O som dos pássaros se estende como um arco no céu, mais alto e depois mais baixo, até desaparecer como se nunca tivesse existido, deixando um silêncio profundo tomar forma em seu lugar, até que novas aves batam suas asas em um voo próximo. Elas não vêm ou vão para lugar algum, apenas são o que são, momento a momento, fluindo no instante contínuo da vida.
As vozes das crianças se arrumando para irem à escola ressoam enquanto o dia amanhece lentamente, as cores em movimento no firmamento, as nuvens ganhando velocidade conforme o vento muda de ritmo. Nuvens que se desfazem e refazem constantemente, densas ou transparentes, ocultando o sol ou permitindo que ele as atravesse.
Um gato se espreguiça e solta um breve miado, pneus de carro deslizam pelo asfalto ainda frio do início do dia. Inumeráveis pessoas despertando para reencenar sua rotina, enquanto as árvores, imóveis, apenas observam e, desapegadas, deixam que suas folhas se soltem dos galhos e flutuem planando até o chão. E sobre esse tapete de folhas, caminhamos.
Uma miríade de realidades parece surgir através dos olhos de cada um. Realidades boas ou más, mas sempre efêmeras, como vagalumes que piscam constantemente, apagando e acendendo a si mesmas, mudando e se repetindo ao mesmo tempo.
Objetivos e fugas parecem movimentar um eu que pende entre ambos, uma verdade holográfica sem substância, exceto para o eu que também faz parte da holografia.
Esse eu não ouve o som dos pássaros ou das vozes infantis, ele não vê as nuvens ou acompanha o movimento dos gatos e carros, tampouco repara nas árvores e nas folhas que dançam ao seu redor.

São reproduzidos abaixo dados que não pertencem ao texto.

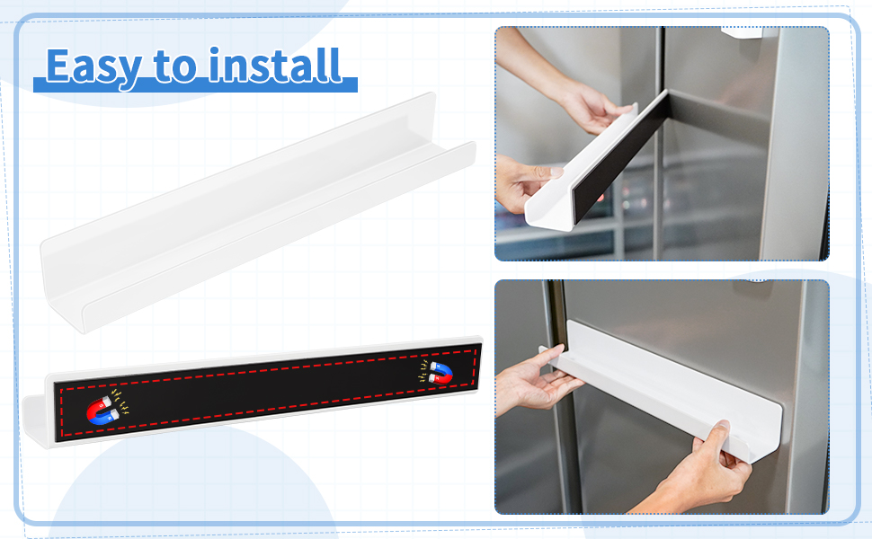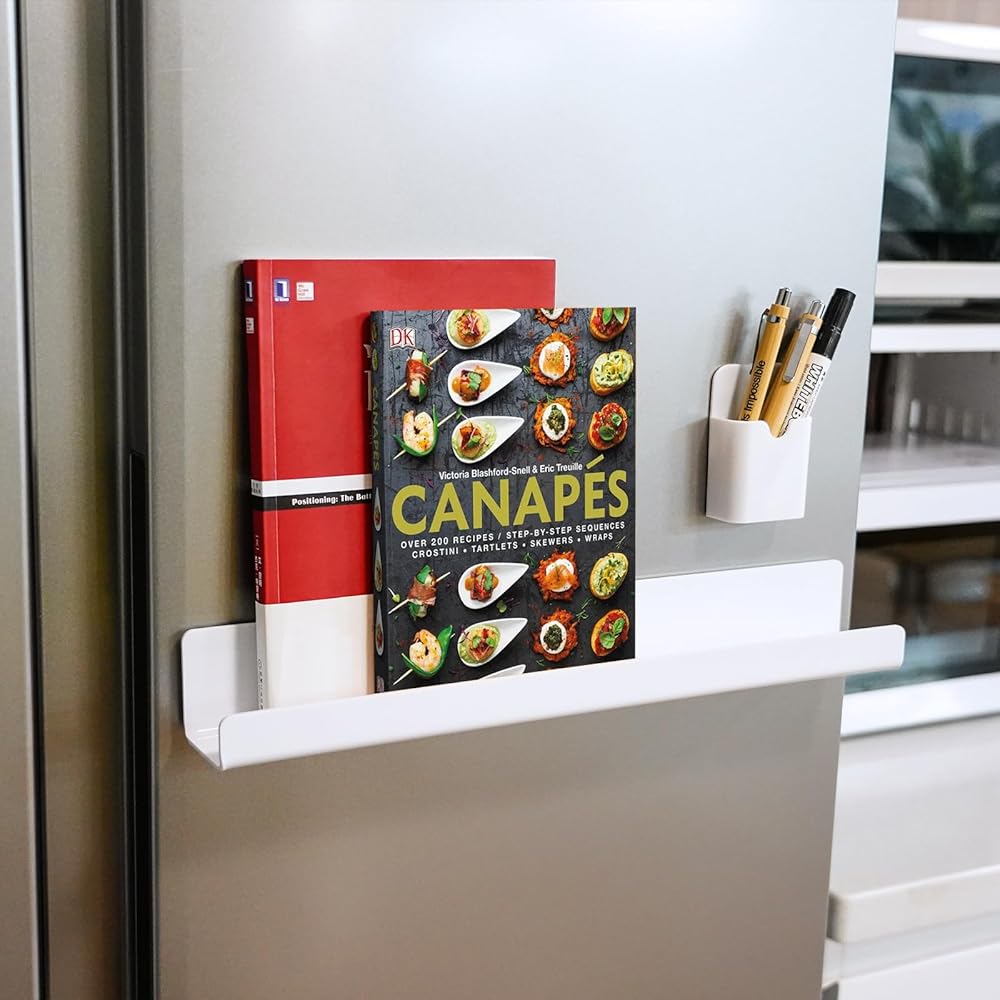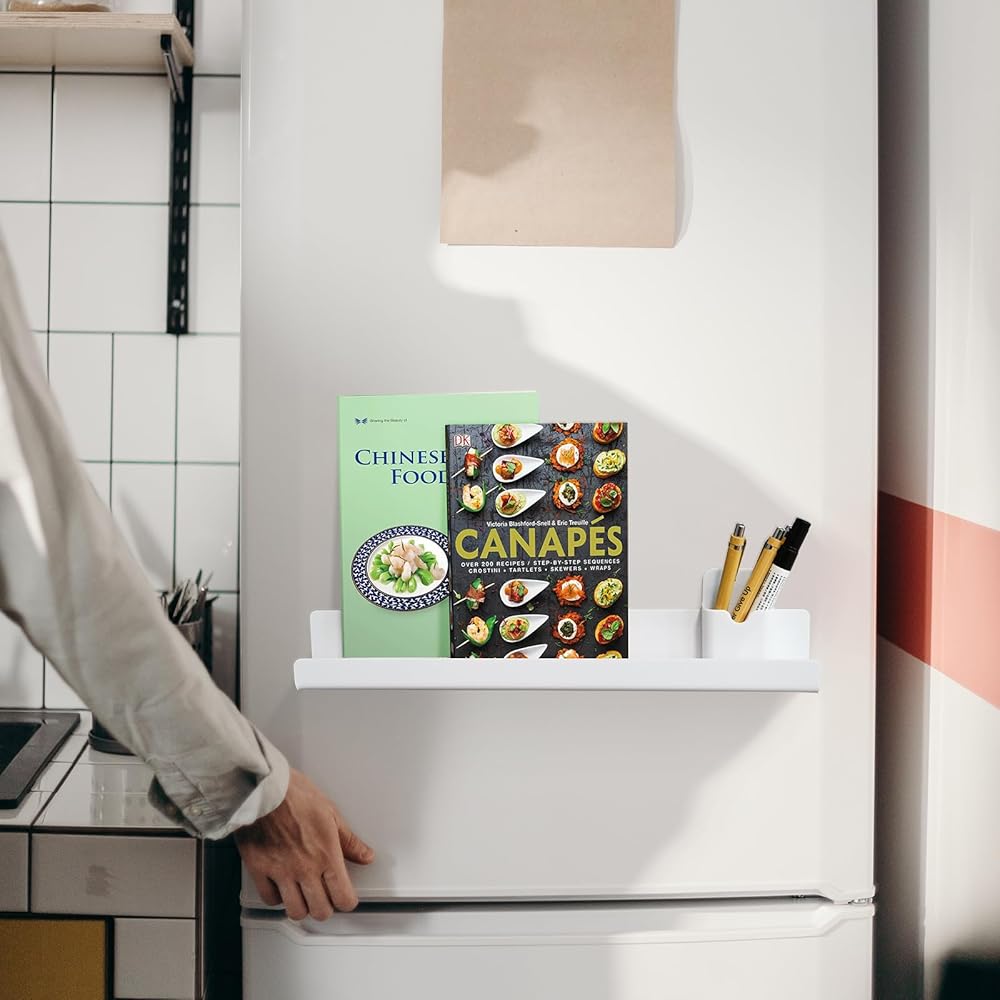 [سهل ومريح] استخدام حامل الكتب المغناطيسي الخاص بنا أمر سهل. ما عليك سوى ربطها مباشرةً بأي سطح مغناطيسي أملس للحصول على حل تخزين فوري. بالإضافة إلى ذلك، فقد جعلنا الأمر أسهل من خلال تضمين طبقة واقية على السطح - ما عليك سوى تقشيره قبل الاستخدام، وستكون جاهزًا للتنظيم بسهولة!
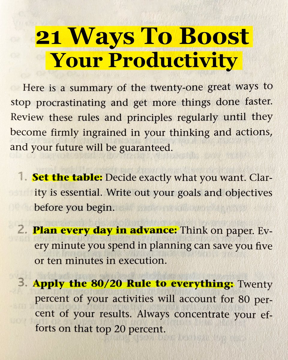 10) Take it one oil barrel at a time. 11) Upgrade your key skills 12) Identify your key constraints 13) Put the pressure on yourself 14) Motivate yourself into action 15) Technology is a terrible master
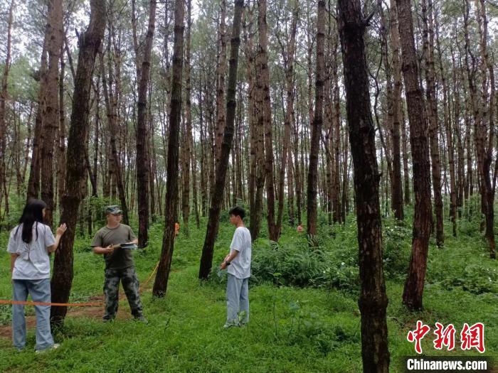 图为广西生态工程职业技术学院2020届林业技术专业的学生在该校附近的森林内进行实训。 广西生态工程职业技术学院提供
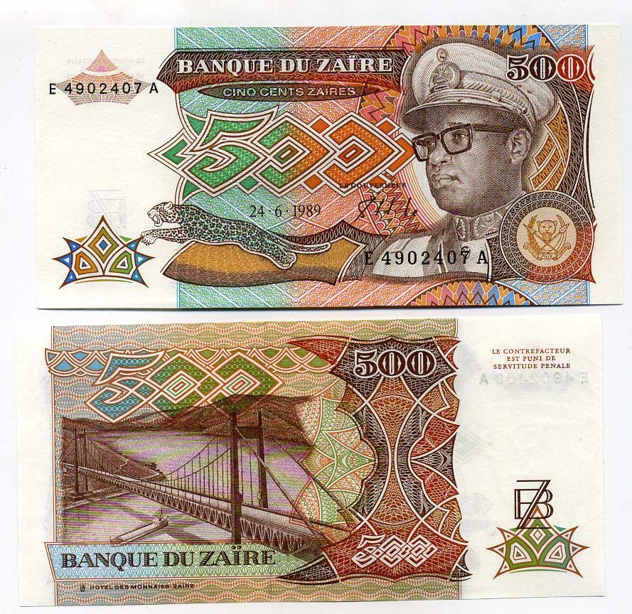 Заир 500 заиров 1989 Мобуту Сесе Секо в военной форме, мост через реку Конго Pick 34 а бумага UNC (пресс) 448-46-1
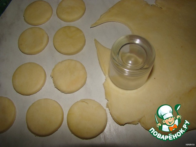Затем раскатаем его в пласт примерно 3-4 мм толщиной и вырезаем кружочки примерно 3- см в диаметре
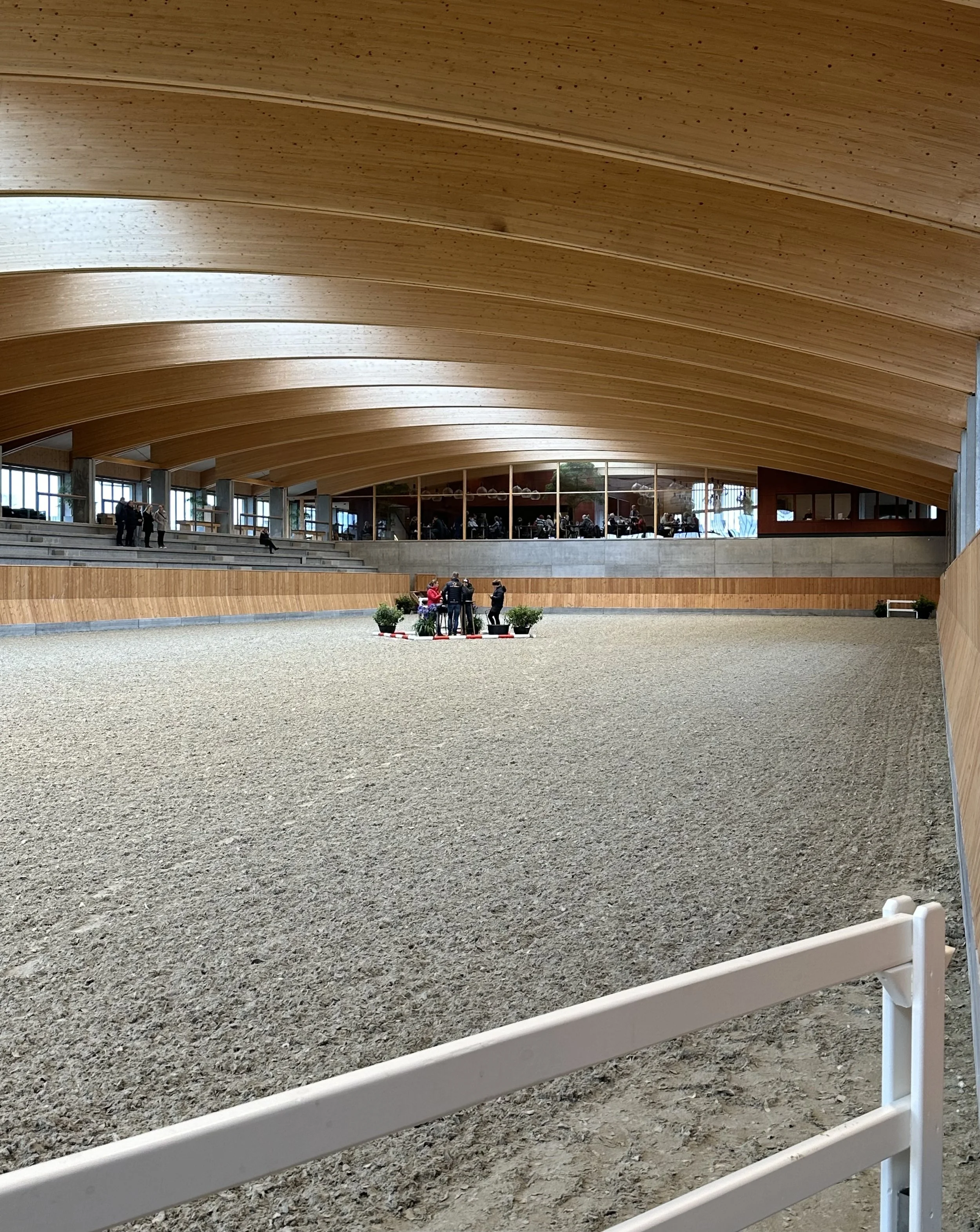 Eftermiddagens egnethedstest blev afholdt i de smukke og udsøgte faciliteter på Stutteri Ask i Martofte på Fyn. Indtil nu et mekka for springhestene, men i løbet af 2024 rykker også en mindre del af Blue Hors ind på det smukke anlæg.
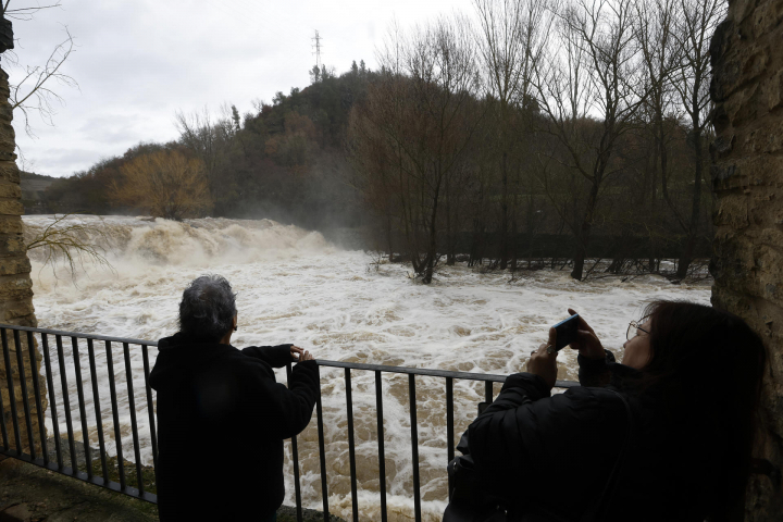El agua añadida a los ríos por un deshielo acelerado a causa del ascenso térmico de estos días con valores por encima de lo normal para la época, está aumentando la presión de los cauces, tras las lluvias intensas de estos días precedidos de sucesivas jornadas de nieve en muchas zonas.
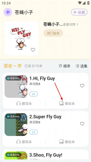 3、苍蝇小子详情页点击单本绘本下的看绘本可进入该绘本的阅读准备页。
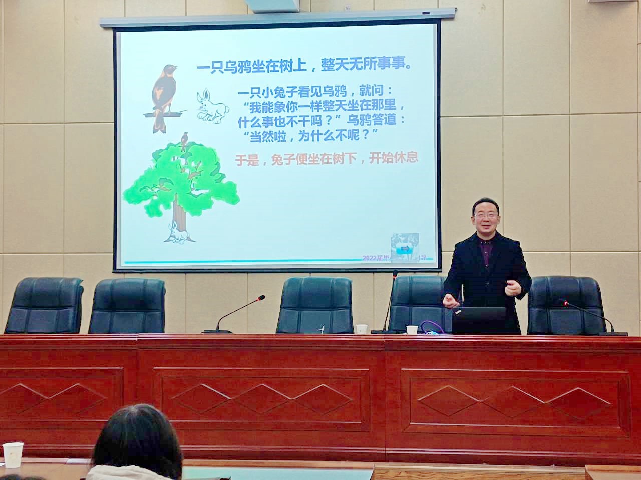最后,金主任對(duì)同學(xué)們開展就業(yè)指導(dǎo)。期間,金主任以幽默風(fēng)趣的語(yǔ)言,結(jié)合自身經(jīng)歷,貼合實(shí)際講解,引導(dǎo)同學(xué)們樹立正確的就業(yè)觀和擇業(yè)觀,以積極的心態(tài)面對(duì)嚴(yán)峻的就業(yè)形勢(shì)。
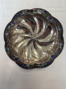 A collection of silver to include a Russian silver and cloisonné enamel bonbon dish
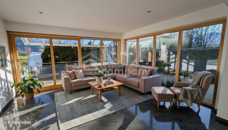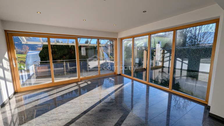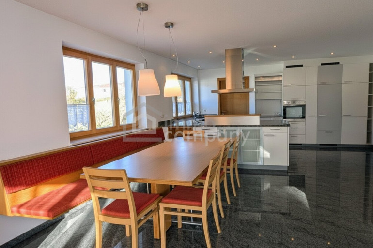 Das Herzstück des Hauses stellt der Wohn- und Essbereich dar und die Küchenlodge mit separierter Wirtschaftskammer und den hochwertigen Geräten sowie der modernen Ausstattung machen das Kochen zum richtigen Vergnügen. Die Fensterfronten leiten den Blick immer wieder ins Grüne mit endlos atemberaubender Sicht auf die freie Landschaft und die Berge.
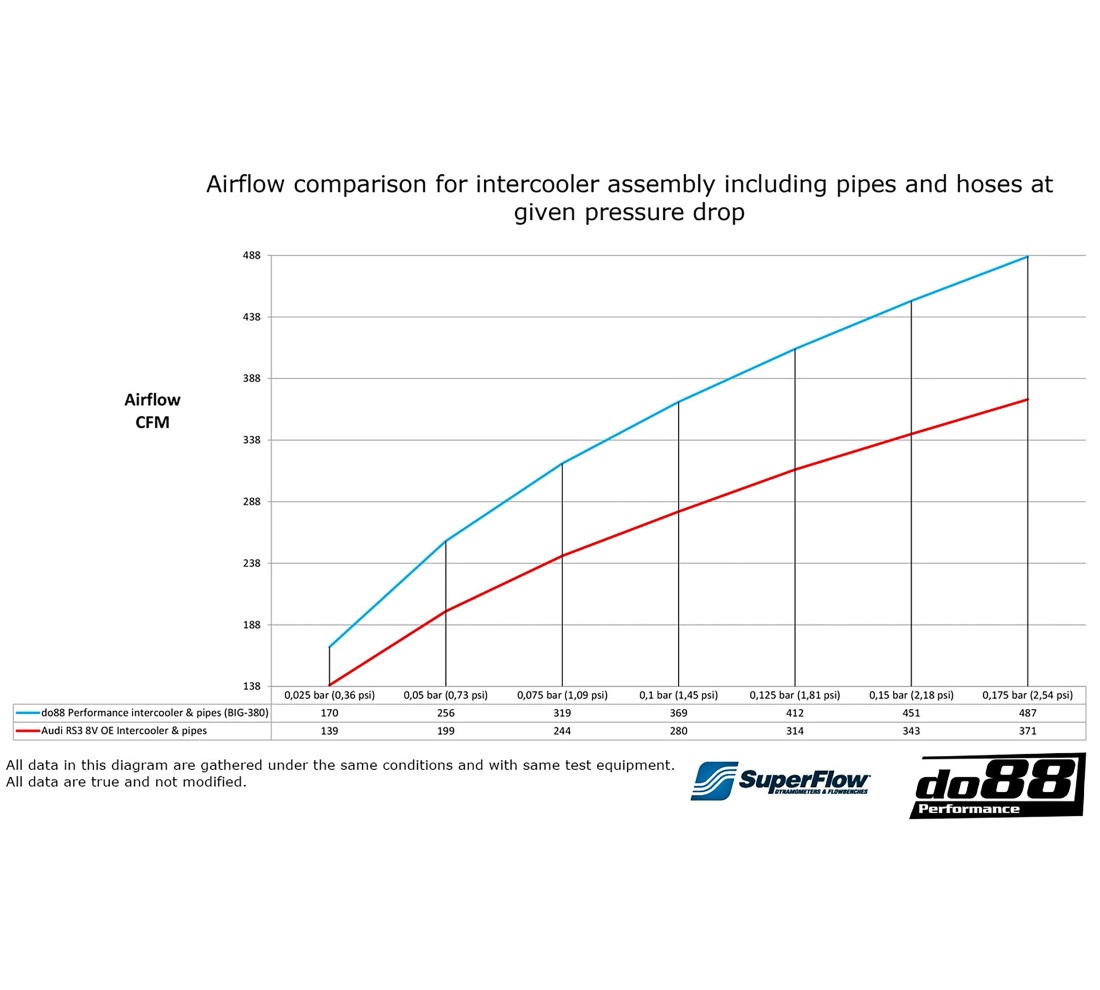 The included do88 charge pipe kit is designed to complement and improve the performance of the do88 Performance Intercooler. The OEM charge pipes have several inefficient bends and do not have a performance-optimized design. Our charge pipes is both significantly larger and fully flow-optimized, making it flow 31% more than the OEM!
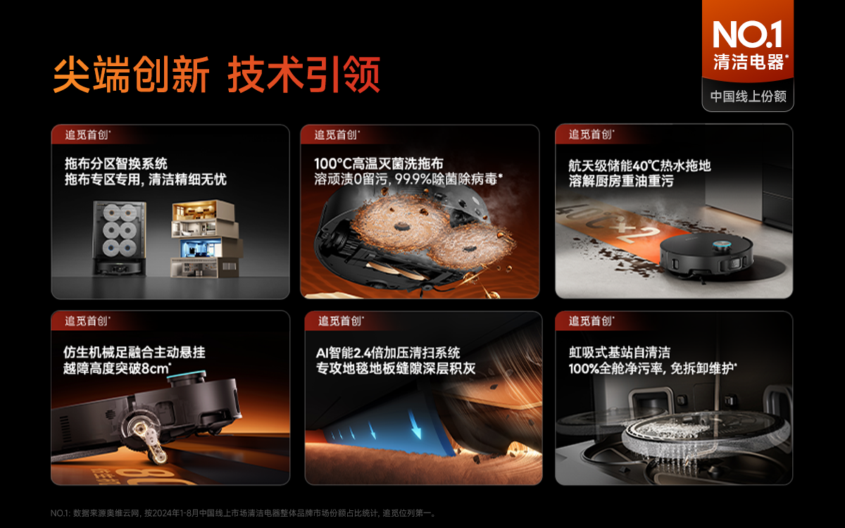此外,追覓Matrix10 Ultra還集成了諸多追覓首創的旗艦功能:標誌性的仿生機械足,讓產品擁有8cm的超強越障能力,在家庭場景中如履平地。100°C高温除菌煮洗拖布搭配基站自清潔,能有效清除拖布及底盤上的殘留污漬。25000Pa的超強吸力,則能輕鬆吸淨各種灰塵顆粒,實現全方位深度清潔。
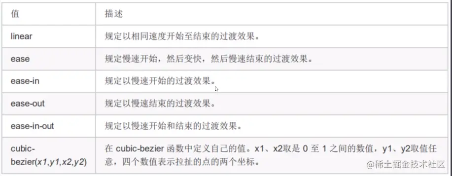 transition-timing-function 规定过渡效果的时间曲线。默认值是"ease"
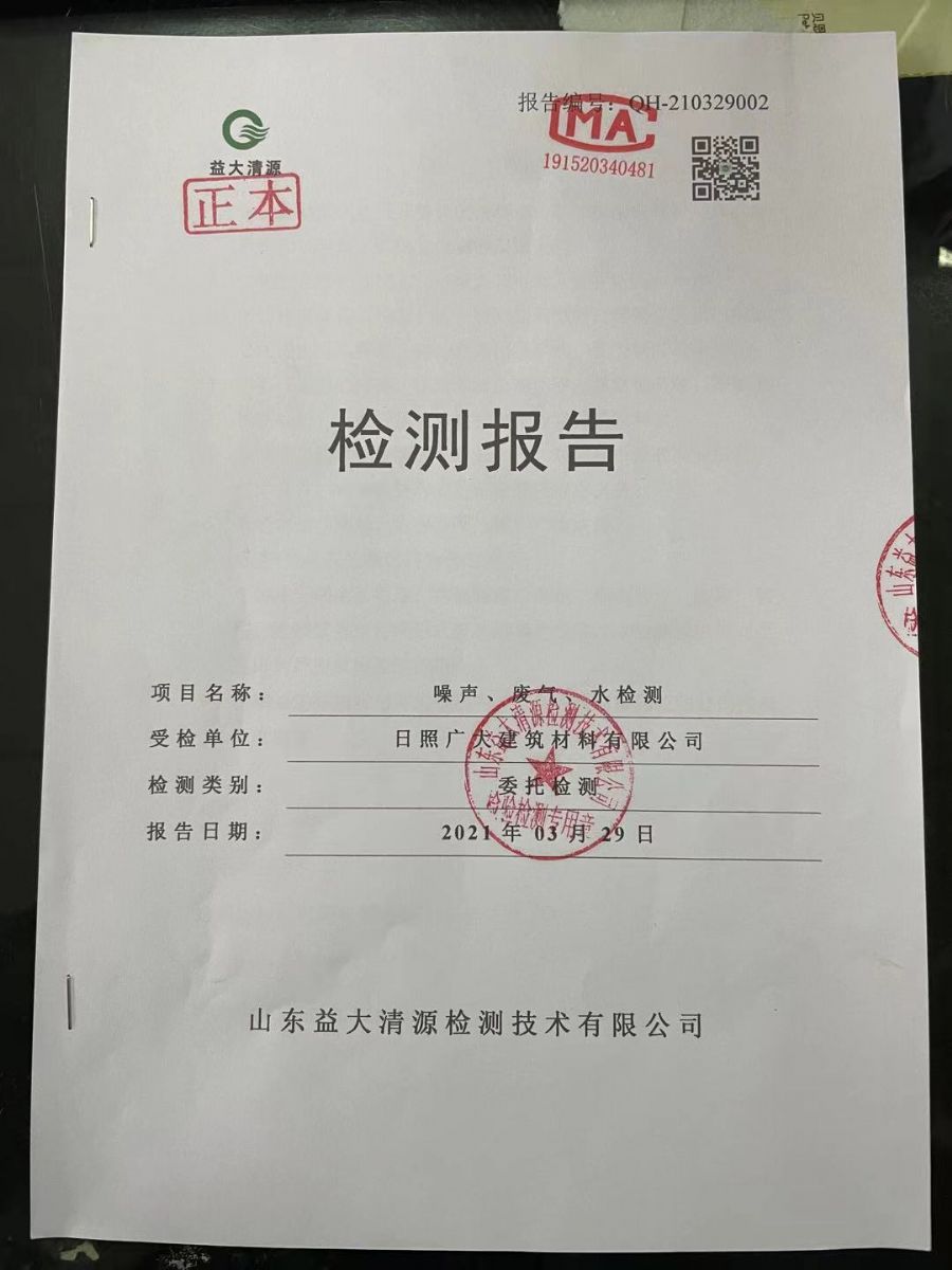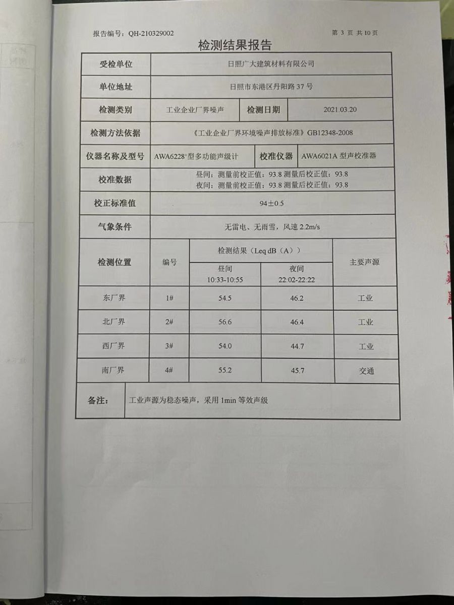日照廣大建筑材料有限公司2021年第一季度環(huán)境信息公開
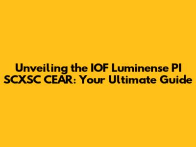 Unveiling the IOF Luminense PI SCXSC CEAR: Your Ultimate Guide
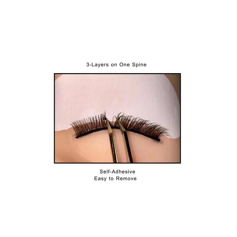 Exclusive 3-layered training lashes for lash extensions, featuring a carefully crafted combination of three lash lengths (6mm, 7mm, and 8mm). These lashes are designed to provide a realistic and intricate effect, ideal for professionals looking to enhance their lash extension skills. Each strip features three layers of lashes, allowing for a more detailed and dynamic application that mimics the natural variation in lash lengths. Superb for perfecting technique, transitioning from mannequin to human models, and mastering the art of volume and placement. This unique, never-before-sold training tool ensures effortless application with a self-adhesive design, making it easier than ever to practice and perfect your skills. Elevate your lash extension expertise with this must-have, innovative training lash set, tailored to help you achieve flawless results every time.

Esse eu se sustenta pela desatenção ao presente, pelo não ver o que se olha, não ouvir o que se escuta, não sentir o que se toca. Da mesma forma como, para olhar um holograma, uma projeção, é preciso não ver a realidade concreta que existe através dele.
Não é possível ver a miragem e a realidade ao mesmo tempo.
As bocas bocejam e o sono termina de se diluir no movimento natural dos corpos. O relógio indica números que podem ser interpretados como tempo e esse tempo pode atuar na mente de diferentes formas, dependendo do grau da atenção que é oferecido a ele.
O cachorro, impaciente, pede ração. Os portões se abrem e as crianças saem para a escola. As últimas estrelas, exceto a maior, desaparecem no imenso azul que se forma acima.
Não há nada a ser retirado. Nada a ser acrescentado. É simplesmente a vida vivenciando a si mesma, em um fluxo sem começo nem fim.